Clarifications to the wheel specification

I have come across a few design decisions related to the wheel format which the PEP says nothing about but which are important to resolve.

  1. File timestamps: should we store them, or set them to the UNIX epoch (1970-01-01)?
  2. File permissions: should we store them or not? Some users say they need to flag scripts as executable.
  3. Should symbolic links be stored in wheels? A use case was given just now in wheel issue #400. There are open questions around RECORD handling and extraction on Windows.

My personal take on these is:

  1. I don’t think they are useful, and they interfere with repeatable builds.
  2. For PyPI uploads this is probably a no-no, but may have legitimate use cases elsewhere. This also means that wheels built from the same source would come out differently on Windows.
  3. I have no opinion on this.

The zip format can already store modification time, although I’m not sure if installers currently set them.

Permission flags make sense in niche cases. It’s probably better to support them by packaging metadata declaration instead of introspecting the source files. For example, maybe allow setting the x bit on files in {dist}.data/scripts?

Symbolic links have come up a lot of times. IMO this should be done by adding support of the non-standard symlink support a la InfoZIP in zipfile (b.p.o.27318, b.p.o.37821) plus some special handling on Windows. But additional verification should be done to ensire the link is to another file in the wheel.

Yeah, I already know this. The question is not whether we can store them (we do currently, IIRC), but whether we should. Either way this behavior should be defined in the wheel standard.

What would help here is a someone pointing to a good use case for this. Console scripts are not such a use case as the console_scripts entry point covers that one.

I didn’t know if zipfile supports this feature or not, but seems like it doesn’t. This means that we would have to vendor an updated zipfile implementation in wheel.

I’d very strongly maintain that if the stdlib zipfile module doesn’t support symlinks, then the wheel spec shouldn’t allow them. It seems to me that requiring a non-standard zipfile implementation to unpack a wheel would place an unreasonable burden on the tool ecosystem.

Even if the stdlib module did support symlinks (for all the versions of Python we want tools to support) there would still be a lot of questions which don’t have obvious answers:

  • Should installers reject wheels containing symlinks on platforms that don’t support them? If not, is creating multiple copies of files OK? Presumably the wheel author wanted symlinks for a reason, how do we know copies will work?
  • Should wheels be allowed to contain symlinks that point outside the wheel?
  • What should go in RECORD? In particular, what should the hash and length be of (the symlink or the target)?

I consider lack of stdlib support a showstopper, but I’d be -1 even if it wasn’t.

1 Like

To me, the biggest problem is not the lack of stdlib support but the fact that it’s not part of the official zip format.

2 Likes

As for the practical implementation, this SO post looks informative.

Ah, thanks for the clarification, now I understand. Yeah, it makes sense to explicit not set them (at least by default; a flag to let the backend change it is fine).

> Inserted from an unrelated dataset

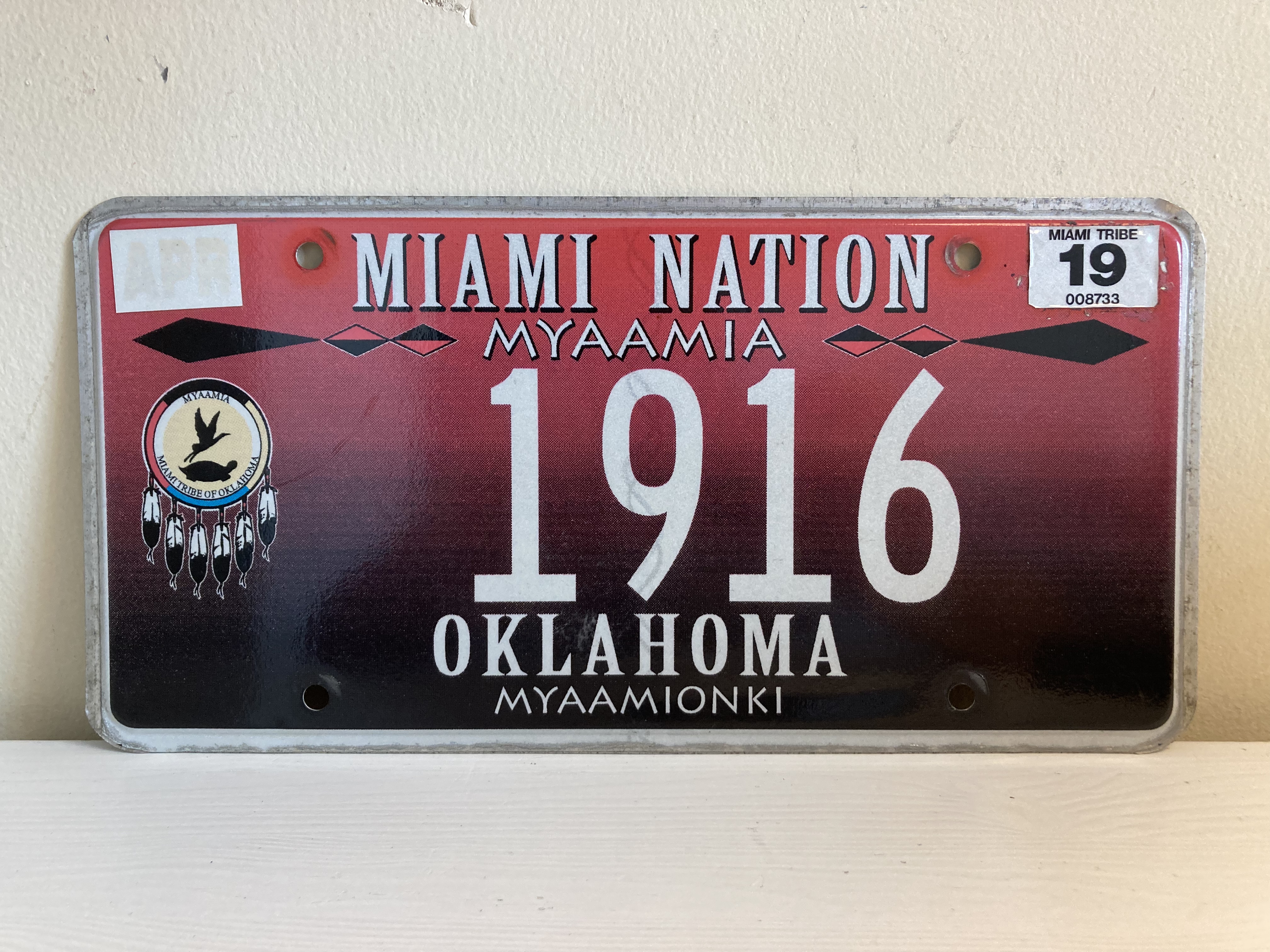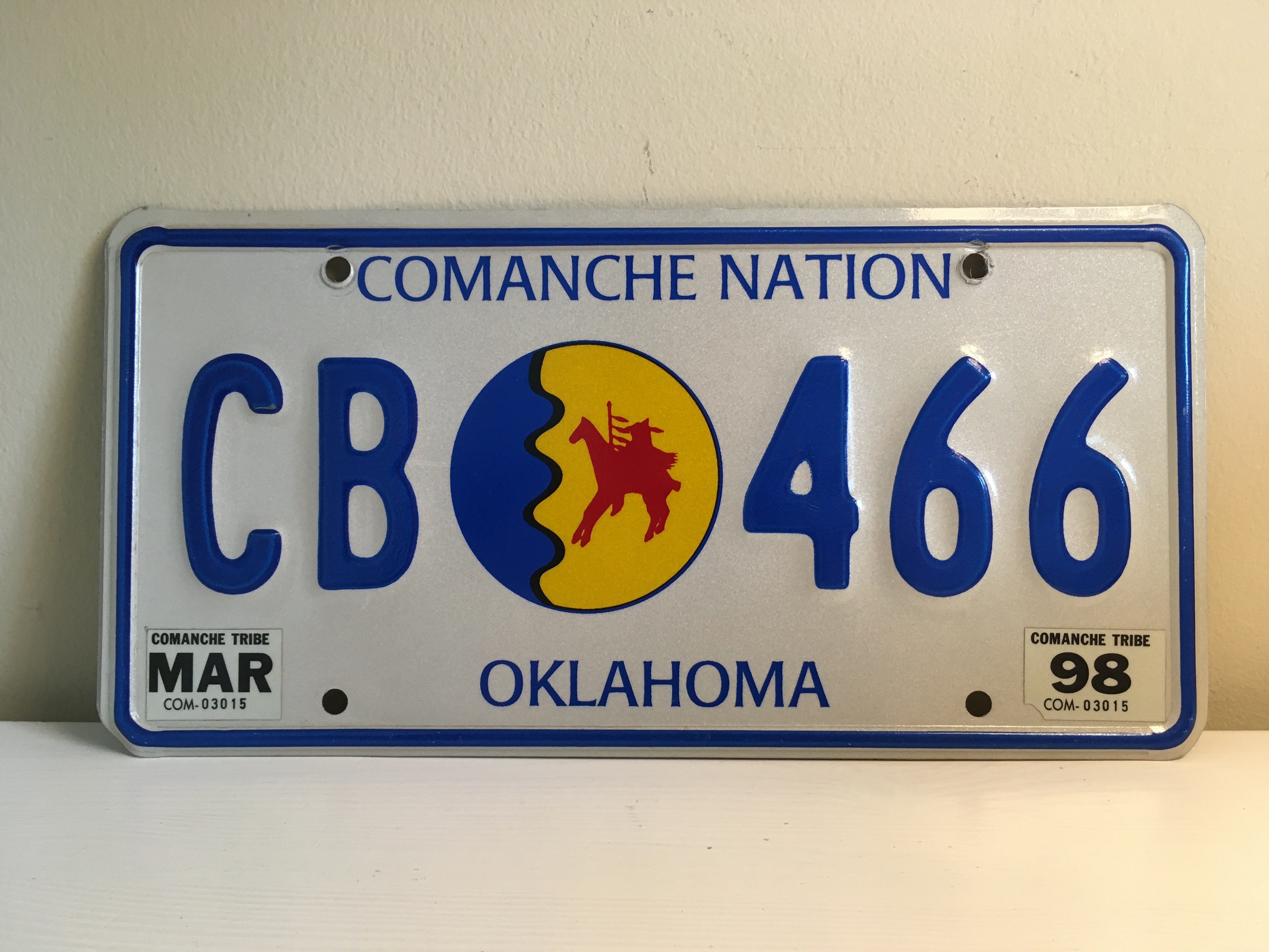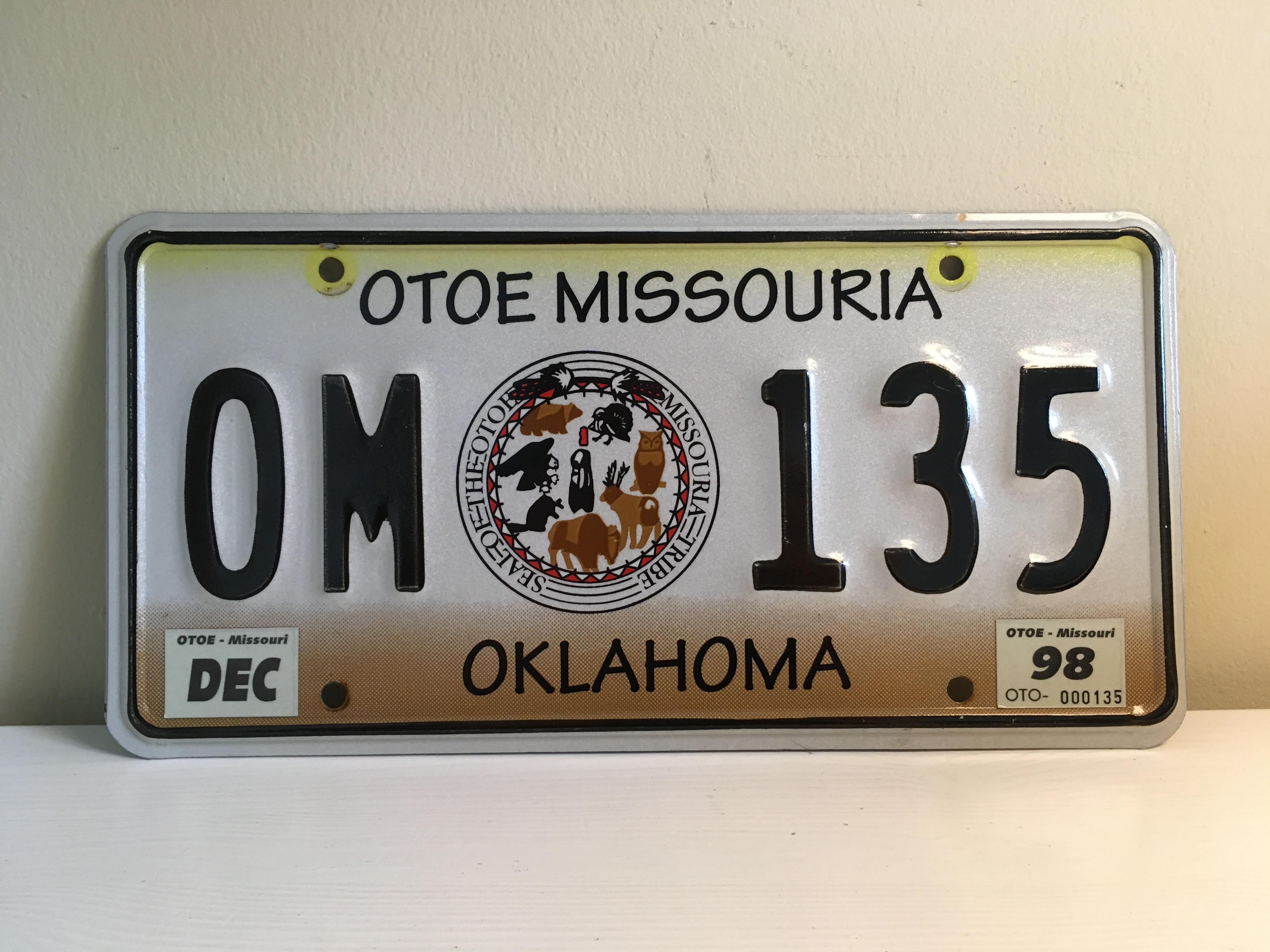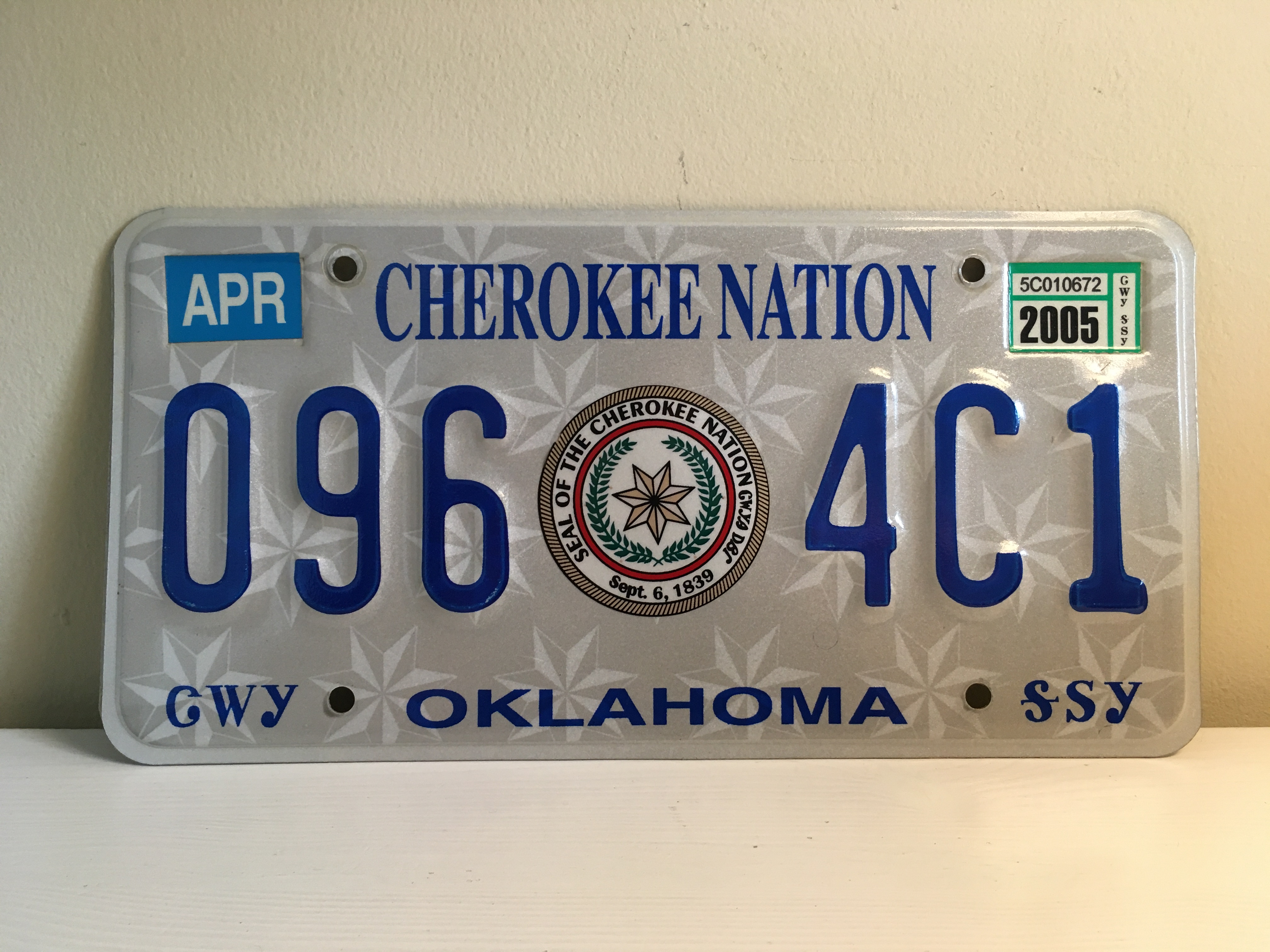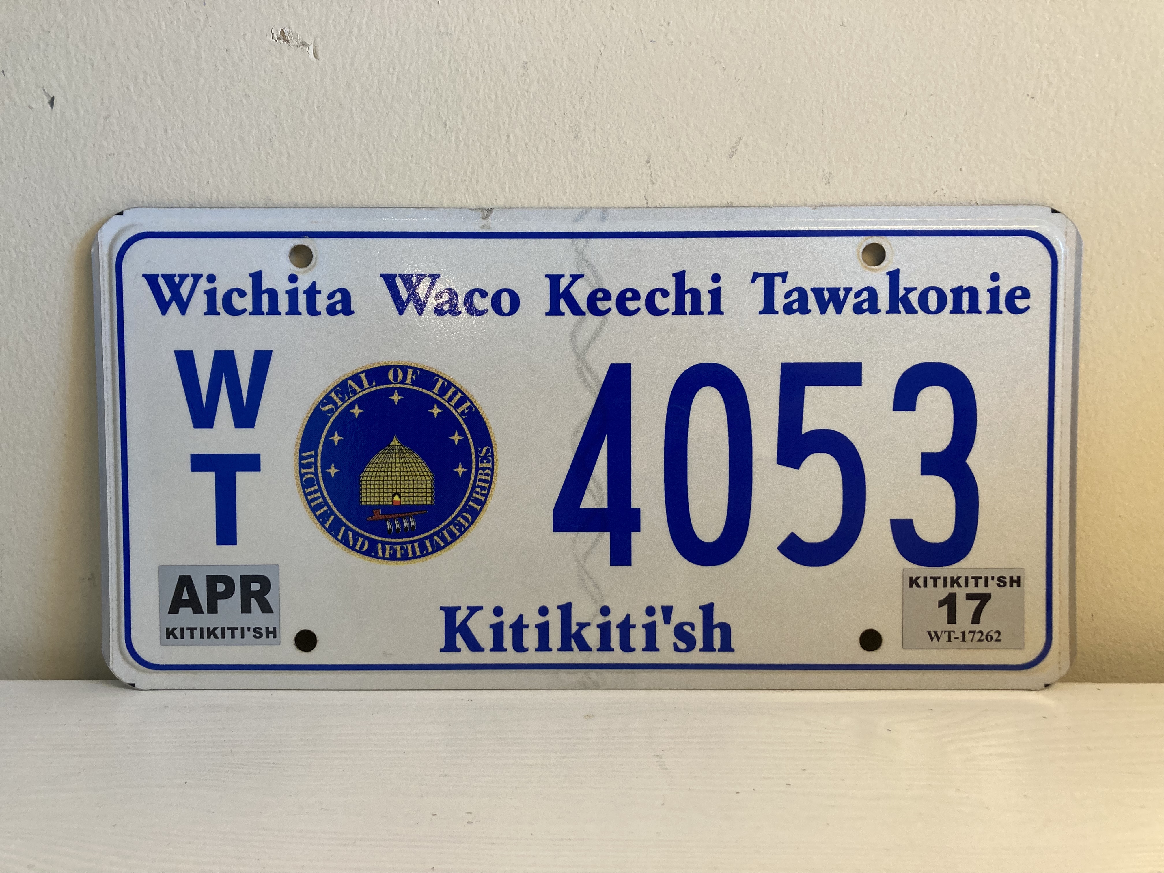 Native American plates My collection also contains 44 license plates of Indian Tribes which are officially recognized by the issuing state. 20 of them were used by tribes with less than 5,000 members. As my other license plates from the US, the license plates of Indian Tribes were issued for private cars, are mostly embossed and in very good condition (vg+/ex) with validation stickers. Iowa Tribe

Ditto, I don’t see use cases past “I want packaging tools to do things so I don’t need to”.

(Symlink discussion in a separate post since there are multiple topic I want to touch on.)

Re: symlinks in zip

I think it is actually doable with a post-processing step. The difference between a symlink and a regular file in a zip is only a file flag, so you can create the zip first and set the missing flags afterwards.

The wheel format can add it as an extension to the zip format (define “a zip entry containing a relative path with the 0xA0000000 bit set” means a symlink). The fact it is exactly how InfoZip implements symlinks is a nice “accident” :slightly_smiling_face: This means that wheel stays as a standard zip file, just the wheel defines additional installer behaviour when certain conditions are met.

Yeah, this was covered by the SO post I linked earlier.

This would require explicit support from installers. Without that support, installers would just create regular files with the link path as the file content.

One big problem is of course Windows where creating symlinks still requires administrative privileges, and even then you need to be on an NTFS drive and not, say, FAT32/VFAT.

I think it would be great to store symlinks in wheel. It would save a lot of space for wheels that distribute several identical copies of shared libraries only so that they can have x.so, x.so.1, and x.so.1.1 names. It’s a bit of a design problem - are you allowed to symlink to anywhere, to anywhere in the wheel, or to anywhere in the category in the wheel? But the “how are symlinks represented in .zip” problem is standard enough, even if it is not part of the main pkware zip documentation?

We would have to bump the wheel major version to 2, so that existing non-symlink-aware installers would error out.

The timestamp should be set to a fixed date after 1980. (ZIP uses DOS timestamps that don’t go earlier; it is possible to store more UNIX properties with an extension but it isn’t common). This satisfies the ‘reproducible builds’ crowd who expect built artifacts to be identical if the source is identical.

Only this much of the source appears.